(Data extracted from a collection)
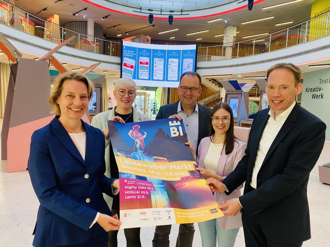 Jennifer Erdmann (l.) und Dr. Jörn Stöppel (r.) von der Sparkasse Bielefeld und Katharina Schilberg, Martin Knabenreich und Leonie Klau (v. l.) von Bielefeld Marketing präsentieren die Top-Acts und das gesamte Programm für das beliebte Stadtfest in der Bielefelder Innenstadt. Foto:© Bielefeld Marketing GmbH
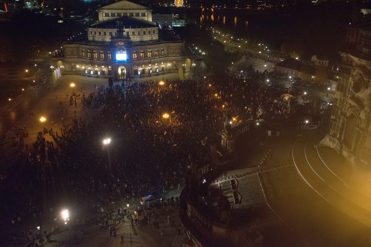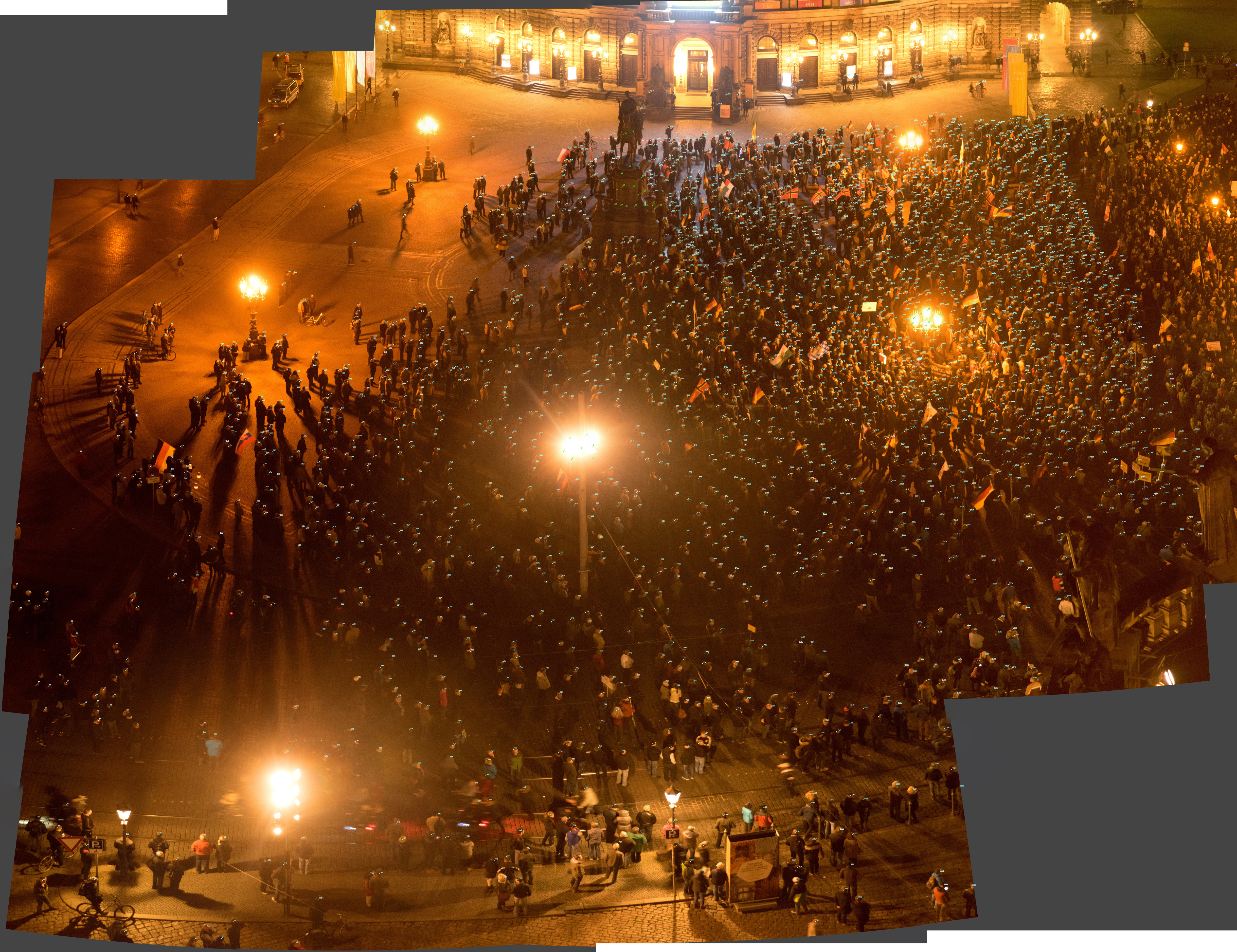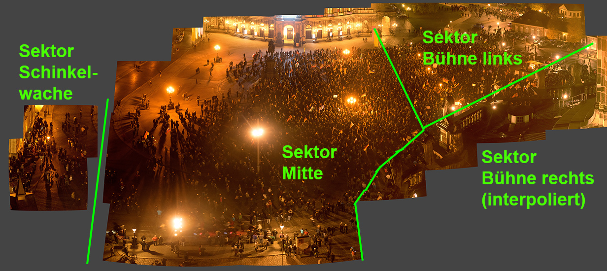 Von 19:00 – 19:15 Uhr wurden vom Hausmannsturm mehrere Bildsequenzen der Veranstaltung aufgenommen. Die wurden anschließend mit dem Programm „Panorama Studio 2 Pro“ zu drei großen Bilder zusammengesetzt. Der Theaterplatz wurde in vier Sektoren unterteilt: Schinkelwache, Mitte, Bühne links und Bühne rechts. Der Sektor rechts der Bühne ist jedoch von dem Turm aus nicht einsehbar. Zunächst wurden die Zahl der Menschen auf diesen Bildern mit dem Zählungswerkzeug von Adobe Photoshop ermittelt. Sofern Verdeckungen durch große Sichthindernisse wie Statuen oder Laternen zu erwarten waren wurde die Zahl der dort zu vermutenden Menschen direkt interpoliert, indem die im umliegenden Bereich auftretenden Punktdichte simuliert wurde. Zudem wurden je nach auftretender Dichte und Bildqualität die Schätzintervalle noch nach oben erweitert, um einzelne, durch Fahnen, Plakate und ähnliche Gegenstände verdeckte Menschen zu berücksichtigen. Damit wurden auch mögliche Fehler durch das Übersehen einzelner Personen einkalkuliert.
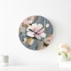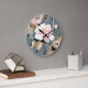 A watercolor of a light blush flower on a blue-grey and pink background with white streaks like rain creates a beautiful and romantic wall clock.
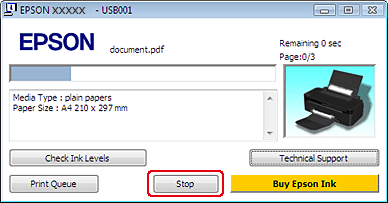 Se tiver de cancelar a impressão, siga as instruções apresentadas na secção adequada apresentada abaixo.
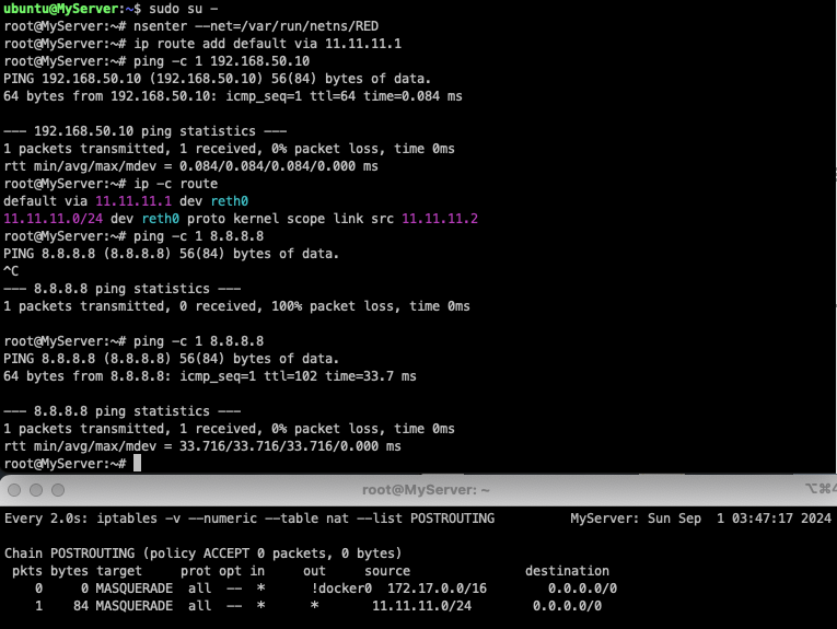 iptables 명령어를 사용하여 NAT(Network Address Translation) 테이블의 POSTROUTING 체인에 MASQUERADE 규칙을 추가하면 이 규칙은 출발지 IP가 11.11.11.0/24 네트워크 대역에 속하는 패킷의 출발지 IP를 현재 시스템의 eth0 IP로 변환되어 통신이 가능해집니다.
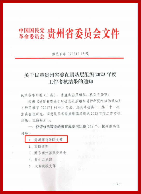 本网讯 近期,从民革贵州省委发布的《关于民革贵州省委直属基层组织2023年度工作考核结果的通知》中获悉,民革贵州省直属伟德国际1949官网支部获评优秀等次,位列12个获评优秀等次省直属基层组织之首。
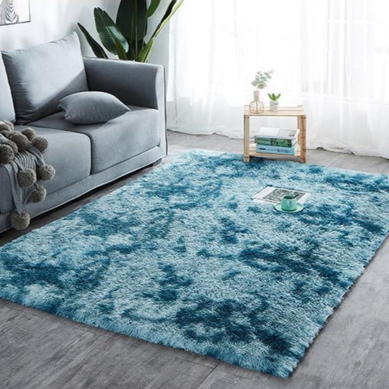 Blue 2-Tone Faux Fur Plush Shag Area Rug Floor Mat
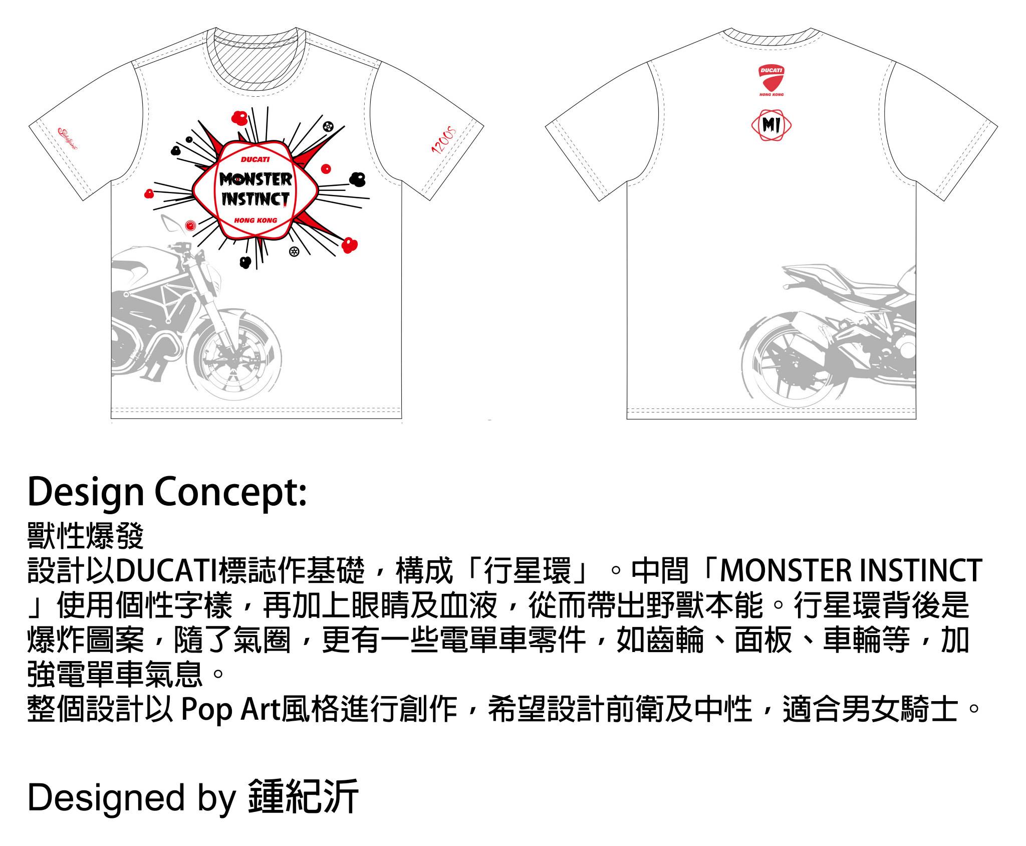 Earlier in April, Ducati Hong Kong celebrated the arrival of the new Monster 1200s, by organising the "Your Monster Instinct T-Shirt Drawing Competition". We received a vast amount of support and have selected the following best entries for you to vote for as the "Most Liked" design.
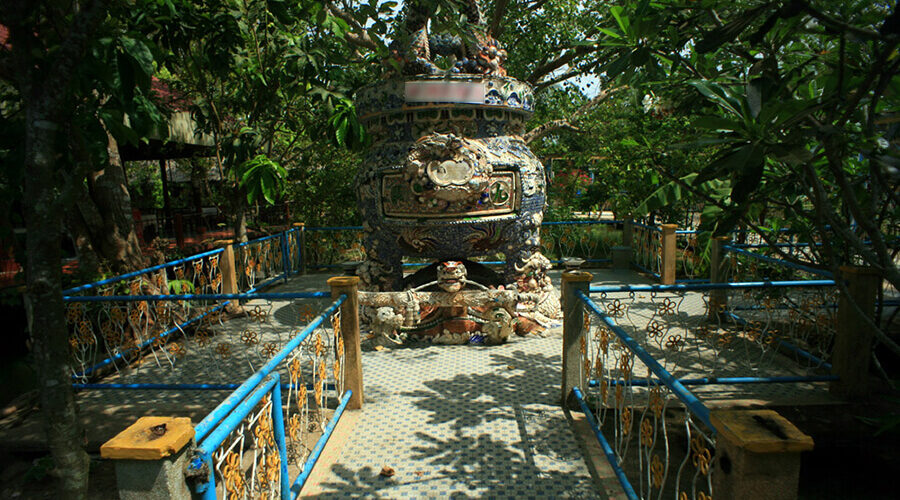 Next to the three-door gate is a large burning cauldron. The cauldron is cast in reinforced concrete, with elaborate ceramic inlays on the surface. A marble slab with the name of Nguyen Thanh Nam is mounted on the top. Another slab briefly records the background of Mr. Nam and those who helped him build the place of practice.

Action item: Word-for-word copy, no pictures: write out the entries above in full.

Response area:
 Jennifer Erdmann (l.) und Dr. Jörn Stöppel (r.) von der Sparkasse Bielefeld und Katharina Schilberg, Martin Knabenreich und Leonie Klau (v. l.) von Bielefeld Marketing präsentieren die Top-Acts und das gesamte Programm für das beliebte Stadtfest in der Bielefelder Innenstadt. Foto:© Bielefeld Marketing GmbH
 Von 19:00 – 19:15 Uhr wurden vom Hausmannsturm mehrere Bildsequenzen der Veranstaltung aufgenommen. Die wurden anschließend mit dem Programm „Panorama Studio 2 Pro“ zu drei großen Bilder zusammengesetzt. Der Theaterplatz wurde in vier Sektoren unterteilt: Schinkelwache, Mitte, Bühne links und Bühne rechts. Der Sektor rechts der Bühne ist jedoch von dem Turm aus nicht einsehbar. Zunächst wurden die Zahl der Menschen auf diesen Bildern mit dem Zählungswerkzeug von Adobe Photoshop ermittelt. Sofern Verdeckungen durch große Sichthindernisse wie Statuen oder Laternen zu erwarten waren wurde die Zahl der dort zu vermutenden Menschen direkt interpoliert, indem die im umliegenden Bereich auftretenden Punktdichte simuliert wurde. Zudem wurden je nach auftretender Dichte und Bildqualität die Schätzintervalle noch nach oben erweitert, um einzelne, durch Fahnen, Plakate und ähnliche Gegenstände verdeckte Menschen zu berücksichtigen. Damit wurden auch mögliche Fehler durch das Übersehen einzelner Personen einkalkuliert.
 A watercolor of a light blush flower on a blue-grey and pink background with white streaks like rain creates a beautiful and romantic wall clock.
 Se tiver de cancelar a impressão, siga as instruções apresentadas na secção adequada apresentada abaixo.
 iptables 명령어를 사용하여 NAT(Network Address Translation) 테이블의 POSTROUTING 체인에 MASQUERADE 규칙을 추가하면 이 규칙은 출발지 IP가 11.11.11.0/24 네트워크 대역에 속하는 패킷의 출발지 IP를 현재 시스템의 eth0 IP로 변환되어 통신이 가능해집니다.
 本网讯 近期,从民革贵州省委发布的《关于民革贵州省委直属基层组织2023年度工作考核结果的通知》中获悉,民革贵州省直属伟德国际1949官网支部获评优秀等次,位列12个获评优秀等次省直属基层组织之首。
 Blue 2-Tone Faux Fur Plush Shag Area Rug Floor Mat
 Earlier in April, Ducati Hong Kong celebrated the arrival of the new Monster 1200s, by organising the "Your Monster Instinct T-Shirt Drawing Competition". We received a vast amount of support and have selected the following best entries for you to vote for as the "Most Liked" design.
 Next to the three-door gate is a large burning cauldron. The cauldron is cast in reinforced concrete, with elaborate ceramic inlays on the surface. A marble slab with the name of Nguyen Thanh Nam is mounted on the top. Another slab briefly records the background of Mr. Nam and those who helped him build the place of practice.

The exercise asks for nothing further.